• Assigned task:
Retype every line from the start of the entries below down to the line with "根据项目起吊重量大、工况复杂", both ends included; skip the pictures.

*** Opening Data shown ***

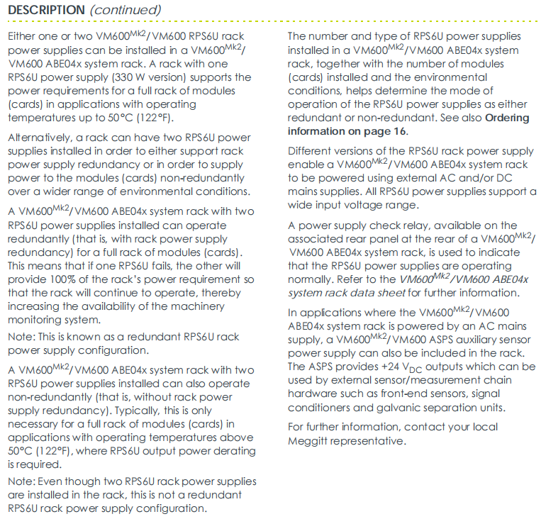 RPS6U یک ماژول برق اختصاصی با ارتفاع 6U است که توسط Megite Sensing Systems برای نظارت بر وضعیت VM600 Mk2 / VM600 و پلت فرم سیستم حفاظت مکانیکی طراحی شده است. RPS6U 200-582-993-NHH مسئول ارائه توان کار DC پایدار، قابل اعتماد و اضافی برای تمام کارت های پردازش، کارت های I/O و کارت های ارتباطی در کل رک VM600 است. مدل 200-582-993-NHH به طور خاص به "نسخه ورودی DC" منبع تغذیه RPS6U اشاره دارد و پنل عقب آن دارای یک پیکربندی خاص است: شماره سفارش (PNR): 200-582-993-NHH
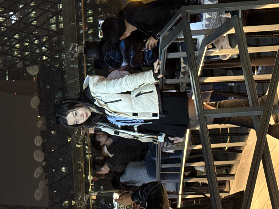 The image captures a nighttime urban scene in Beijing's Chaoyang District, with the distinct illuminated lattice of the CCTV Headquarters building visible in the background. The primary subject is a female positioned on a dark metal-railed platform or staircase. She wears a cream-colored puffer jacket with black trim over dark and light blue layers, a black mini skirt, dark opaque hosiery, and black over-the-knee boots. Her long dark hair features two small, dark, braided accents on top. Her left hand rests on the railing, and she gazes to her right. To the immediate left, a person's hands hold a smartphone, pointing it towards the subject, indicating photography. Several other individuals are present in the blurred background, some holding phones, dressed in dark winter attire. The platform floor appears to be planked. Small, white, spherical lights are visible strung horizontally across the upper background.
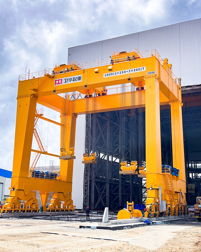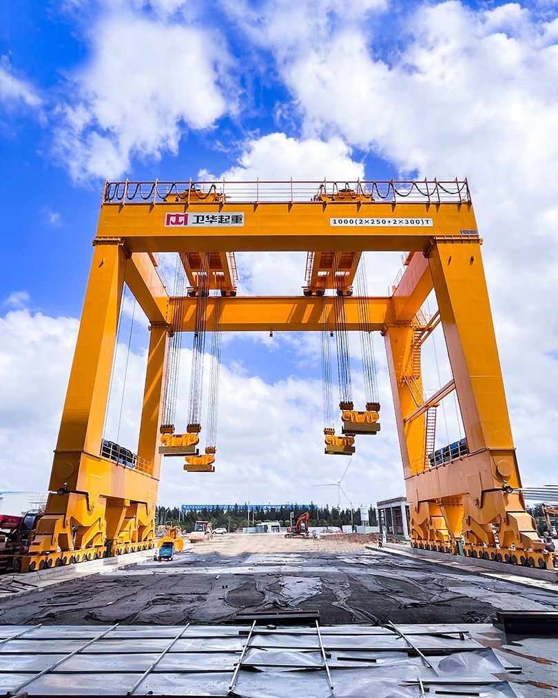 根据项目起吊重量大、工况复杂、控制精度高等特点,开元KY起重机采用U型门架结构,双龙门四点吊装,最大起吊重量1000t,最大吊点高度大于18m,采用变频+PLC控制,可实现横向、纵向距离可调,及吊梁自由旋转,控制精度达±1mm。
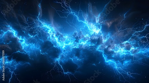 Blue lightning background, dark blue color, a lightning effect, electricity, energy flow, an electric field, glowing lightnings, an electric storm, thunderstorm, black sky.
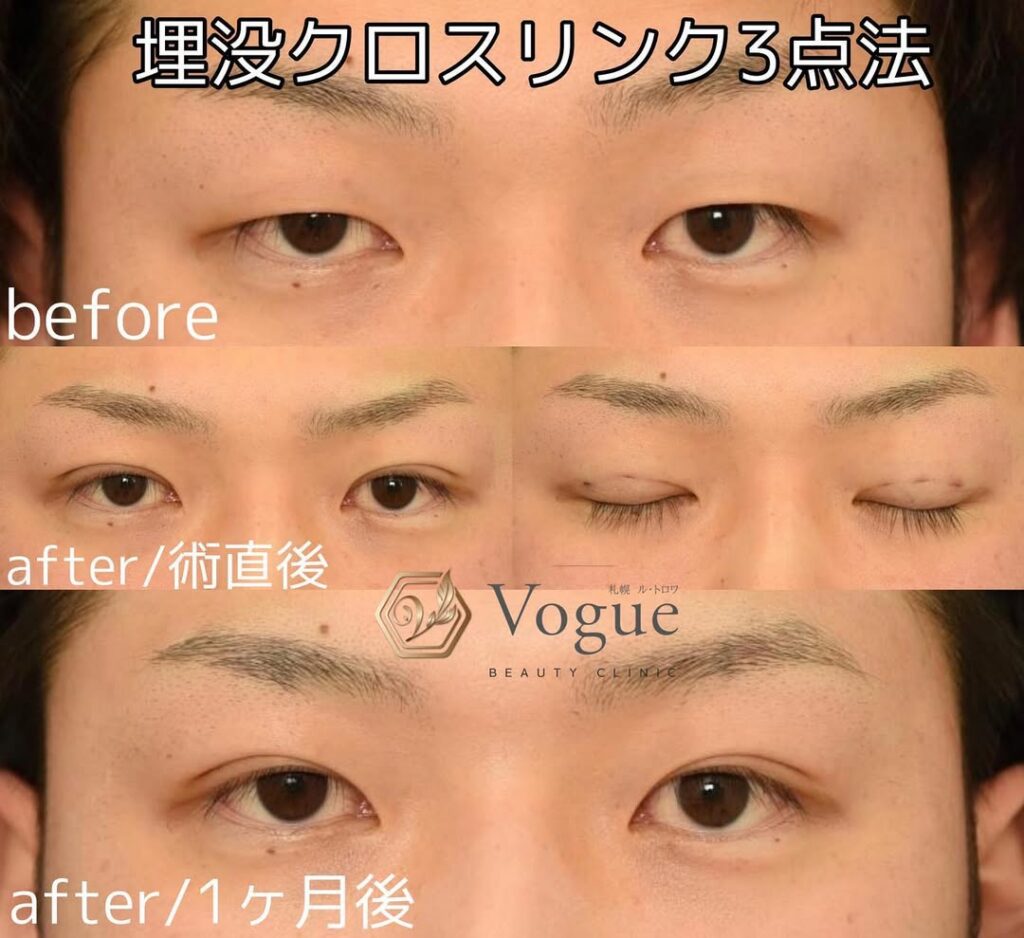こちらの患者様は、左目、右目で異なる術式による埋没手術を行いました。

*** Closing Data shown ***

• Answer for this exercise:
 RPS6U یک ماژول برق اختصاصی با ارتفاع 6U است که توسط Megite Sensing Systems برای نظارت بر وضعیت VM600 Mk2 / VM600 و پلت فرم سیستم حفاظت مکانیکی طراحی شده است. RPS6U 200-582-993-NHH مسئول ارائه توان کار DC پایدار، قابل اعتماد و اضافی برای تمام کارت های پردازش، کارت های I/O و کارت های ارتباطی در کل رک VM600 است. مدل 200-582-993-NHH به طور خاص به "نسخه ورودی DC" منبع تغذیه RPS6U اشاره دارد و پنل عقب آن دارای یک پیکربندی خاص است: شماره سفارش (PNR): 200-582-993-NHH
 The image captures a nighttime urban scene in Beijing's Chaoyang District, with the distinct illuminated lattice of the CCTV Headquarters building visible in the background. The primary subject is a female positioned on a dark metal-railed platform or staircase. She wears a cream-colored puffer jacket with black trim over dark and light blue layers, a black mini skirt, dark opaque hosiery, and black over-the-knee boots. Her long dark hair features two small, dark, braided accents on top. Her left hand rests on the railing, and she gazes to her right. To the immediate left, a person's hands hold a smartphone, pointing it towards the subject, indicating photography. Several other individuals are present in the blurred background, some holding phones, dressed in dark winter attire. The platform floor appears to be planked. Small, white, spherical lights are visible strung horizontally across the upper background.
 根据项目起吊重量大、工况复杂、控制精度高等特点,开元KY起重机采用U型门架结构,双龙门四点吊装,最大起吊重量1000t,最大吊点高度大于18m,采用变频+PLC控制,可实现横向、纵向距离可调,及吊梁自由旋转,控制精度达±1mm。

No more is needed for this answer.